April 30, 2024
Passing the Torch

Photo: Tom Williams/Sipa

Kathy Kraninger prepares to testify at a congressional hearing in 2019. Kraninger was director of the Consumer Financial Protection Bureau during the Trump administration. She favors a "rational, surgical" approach to regulatory enforcement.

Economic Backbone: Financial Marketplace

Passing the Torch

Alex Sanchez reflects on three decades at the Florida Bankers Association, and his successor, CEO Kathy Kraninger, discusses her agenda.

Mike Brassfield | 4/11/2024

There’s been a changing of the guard at the Florida Bankers Association, which lobbies Tallahassee and Washington, D.C., on behalf of the banking industry. Longtime leader Alex Sanchez has retired after 30 years with the organization, 26 as CEO. His successor, Kathy Kraninger, was director of the Consumer Financial Protection Bureau during the Trump administration and is plotting a new course for the organization.

FLORIDA TREND took a look back with Sanchez and a look ahead with Kraninger. She’ll be only the fourth CEO of the trade group, which dates back to 1888.

When Sanchez, 66, thinks about his tenure with the FBA, he’s most proud of how Florida’s banking industry responded in times of crisis, particularly during the COVID pandemic and the Great Recession.

“When COVID-19 hit, the world came to a halt.
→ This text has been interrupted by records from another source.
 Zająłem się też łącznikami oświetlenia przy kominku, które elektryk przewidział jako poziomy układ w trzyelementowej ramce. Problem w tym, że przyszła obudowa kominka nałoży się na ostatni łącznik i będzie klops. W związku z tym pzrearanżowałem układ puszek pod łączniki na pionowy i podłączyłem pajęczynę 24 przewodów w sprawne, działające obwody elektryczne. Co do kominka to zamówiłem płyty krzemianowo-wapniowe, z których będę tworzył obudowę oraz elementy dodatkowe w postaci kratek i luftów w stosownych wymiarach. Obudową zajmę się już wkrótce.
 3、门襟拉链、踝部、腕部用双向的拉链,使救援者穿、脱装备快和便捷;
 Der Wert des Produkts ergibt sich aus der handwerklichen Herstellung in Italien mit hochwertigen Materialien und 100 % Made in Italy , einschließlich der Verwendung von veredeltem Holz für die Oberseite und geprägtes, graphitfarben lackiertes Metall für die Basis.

And while our bigger corporations might have the capital to withstand any difficulties, how about our small business owners? They don’t have the capital to keep their doors closed for a year or two,” says Sanchez, who’s now president and CEO of the Salva Financial Group of Florida, a business consulting firm.

Florida bankers worked long hours helping companies navigate a dysfunctional Small Business Administration portal so they could get Paycheck Protection Program loans to stay afloat, he says. The result: Florida, the third-largest state, received the second-most PPP loans in the country.
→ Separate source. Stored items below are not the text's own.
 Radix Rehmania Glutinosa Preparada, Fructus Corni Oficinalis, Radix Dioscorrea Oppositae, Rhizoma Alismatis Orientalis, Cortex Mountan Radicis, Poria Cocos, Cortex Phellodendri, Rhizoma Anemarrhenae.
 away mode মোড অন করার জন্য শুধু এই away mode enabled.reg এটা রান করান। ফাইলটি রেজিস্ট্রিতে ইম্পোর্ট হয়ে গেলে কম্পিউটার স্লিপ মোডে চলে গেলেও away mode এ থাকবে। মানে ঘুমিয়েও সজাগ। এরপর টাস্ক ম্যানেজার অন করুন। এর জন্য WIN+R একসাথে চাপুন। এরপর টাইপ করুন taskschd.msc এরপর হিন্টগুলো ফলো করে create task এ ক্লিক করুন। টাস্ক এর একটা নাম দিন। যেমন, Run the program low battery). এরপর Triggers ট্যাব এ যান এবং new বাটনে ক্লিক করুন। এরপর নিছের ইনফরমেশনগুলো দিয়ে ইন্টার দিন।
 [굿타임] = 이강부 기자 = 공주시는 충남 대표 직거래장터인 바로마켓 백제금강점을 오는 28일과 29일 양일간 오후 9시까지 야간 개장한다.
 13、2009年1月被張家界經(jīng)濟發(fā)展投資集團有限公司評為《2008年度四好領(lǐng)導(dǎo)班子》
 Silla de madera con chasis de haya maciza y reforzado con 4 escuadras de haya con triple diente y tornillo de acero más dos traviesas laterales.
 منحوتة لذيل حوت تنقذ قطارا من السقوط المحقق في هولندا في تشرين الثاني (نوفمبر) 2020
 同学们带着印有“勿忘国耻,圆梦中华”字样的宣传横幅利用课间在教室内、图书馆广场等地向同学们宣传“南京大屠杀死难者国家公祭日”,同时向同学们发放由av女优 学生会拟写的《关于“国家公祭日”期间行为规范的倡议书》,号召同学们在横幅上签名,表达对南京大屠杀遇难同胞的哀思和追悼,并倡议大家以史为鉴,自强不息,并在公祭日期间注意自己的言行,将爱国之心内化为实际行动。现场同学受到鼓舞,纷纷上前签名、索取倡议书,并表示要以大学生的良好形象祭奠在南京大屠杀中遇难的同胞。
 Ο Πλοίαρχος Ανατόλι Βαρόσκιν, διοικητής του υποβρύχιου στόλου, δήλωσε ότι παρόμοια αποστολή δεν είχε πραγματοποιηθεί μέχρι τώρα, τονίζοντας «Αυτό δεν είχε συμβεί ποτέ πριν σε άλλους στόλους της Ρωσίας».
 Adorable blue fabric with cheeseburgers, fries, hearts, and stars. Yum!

Before that came the Great Recession of 2008-2009, when the collapse of a housing bubble led to waves of home foreclosures. “We entered into agreements to modify millions of mortgages so people could stay in their homes and get back on their feet,” Sanchez recalls.

Now enters Kraninger, 49, who arrives with decades of experience in government in Washington, D.C. Among other places, she worked at the Department of Homeland Security and the Office of Management and Budget. She also served as director of the Consumer Financial Protection Bureau, which helps regulate financial institutions. Most recently she worked in regulatory strategy for a software startup.

The move from regulator to industry advocate gives her a useful perspective. “I understand where the government’s coming from,” she says. “One of the things that I really valued in my government career was an opportunity to dig into and understand how an industry operates — to learn how government regulation really affects it.”

She’s a proponent of “rational, surgical” regulatory enforcement. For example, some of the banking industry’s most powerful trade groups are fighting against bureaucratic updates to the Community Reinvestment Act, a 1977 law that encourages banks to lend to low- and moderate-income borrowers in their communities. Kraninger agrees with the law’s intent but says the way it’s being enforced is counterproductive and unnecessarily burdensome on small banks in particular.

She talks of getting the message out to the public and lawmakers about what lenders do for their communities. She also asks: “What can we do to make Florida an even friendlier place to open a bank or a business?”